In general, the salt structure is one of the most challenging objects to recover, particularly when given a poor initial estimate. Although the initial estimate is rather poor, the reconstruction deteriorates only slightly compared with that of the two previous examples. If we examine the inversion results (Fig. 6c, d) carefully, at certain places, such as the area represented by the rectangular box, the TV-FWI results have spurious thin layers, while our method maintains the edges better. The comparison of the vertical velocity profiles of the two inversion results is shown in Fig. 7. The quantitative results are shown in Table 1. In addition, we would like to mention that the proposed method cannot promise to overcome the local minimum problem, but it can be largely alleviated. Due to the presence of the salt body, the FWI results tend to have undesirable artifacts even when the initial velocity is good. In particular, the deeper part of the estimated model tends to have incorrect results. As a regularization technique, our proposed approach can be used together with other FWI strategies to further improve the accuracy and the convergence speed.

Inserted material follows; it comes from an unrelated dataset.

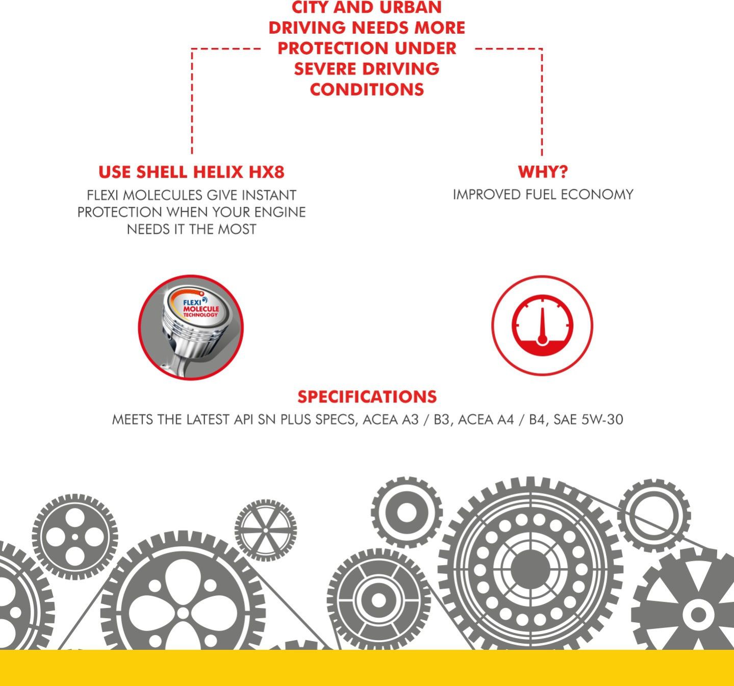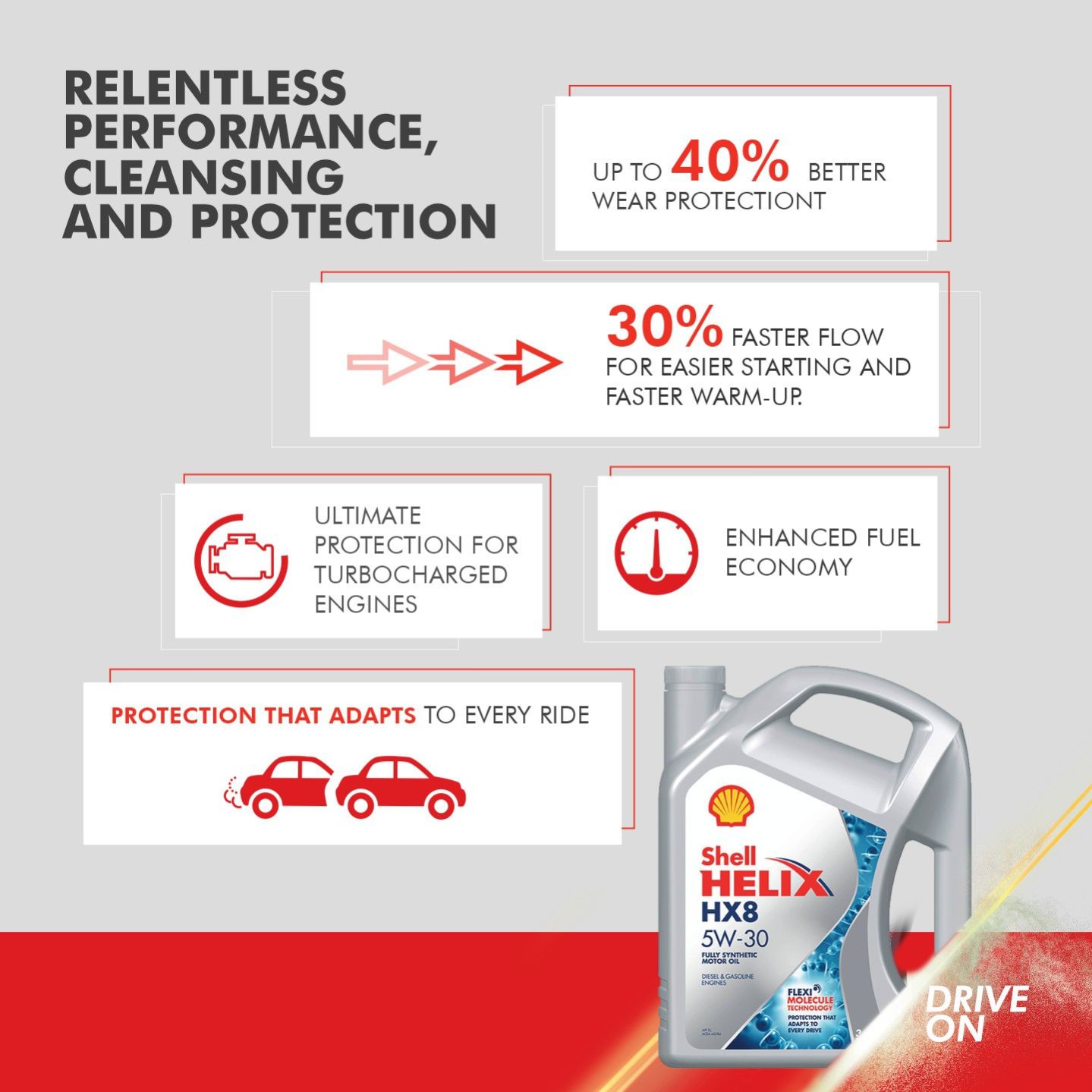 Shell Helix HX8 is a Fully Synthetic motor oil which features the dynamic �Flexi-Molecule Technology� that constantly adapt to boost protection,

Further, in order to investigate the sensitivity of the patch size (\(\sqrt{m}\times \sqrt{m}\)) and sliding distance S, multiple experiments are performed. The 2D SEG/EAGE salt model is selected as the test model. We note that the inversion results are less sensitive to these parameters as long as the learned dictionary is overcomplete.

5 Conclusion

Despite the rapid development of waveform inversion technique, the ill-posedness inherent of FWI is still a major problem in this field. In this paper, we propose a novel adaptive dictionary learning-based sparsity-promoting regularization for FWI called the ASRI-FWI method. In the inversion procedure, we use the estimated result (as training patches) from L-BFGS iterations to teach the dictionary and employ the learned dictionary to guide the inversion in the current iteration. Compared with the traditional TV regularization method, our method effectively reduces the degrees of freedom in velocity parameters to be inverted and eliminates undesirable artifacts and preserves significant details and structural information of model parameters. The introduction of the overcomplete dictionary learning process may also alleviate the problem of local minima in FWI to some extent, but not completely. Yet another important problem is the computational cost. The computational cost of our ASRI-FWI method is higher than the traditional TV-FWI method, mainly because of the nested loop steps and the extra operations related to adaptive dictionary learning: extraction of patch, construction of the partition tree, determination of the dictionary from the partition tree, and sparse approximation calculation. Further work is required to study a more efficient choice of optimal parameters, using parallel computing techniques to accelerate the computation, and the most important is to test this approach for the elastic multi-parameter FWI problems, 3D FWI, and real geophysical inversion problems.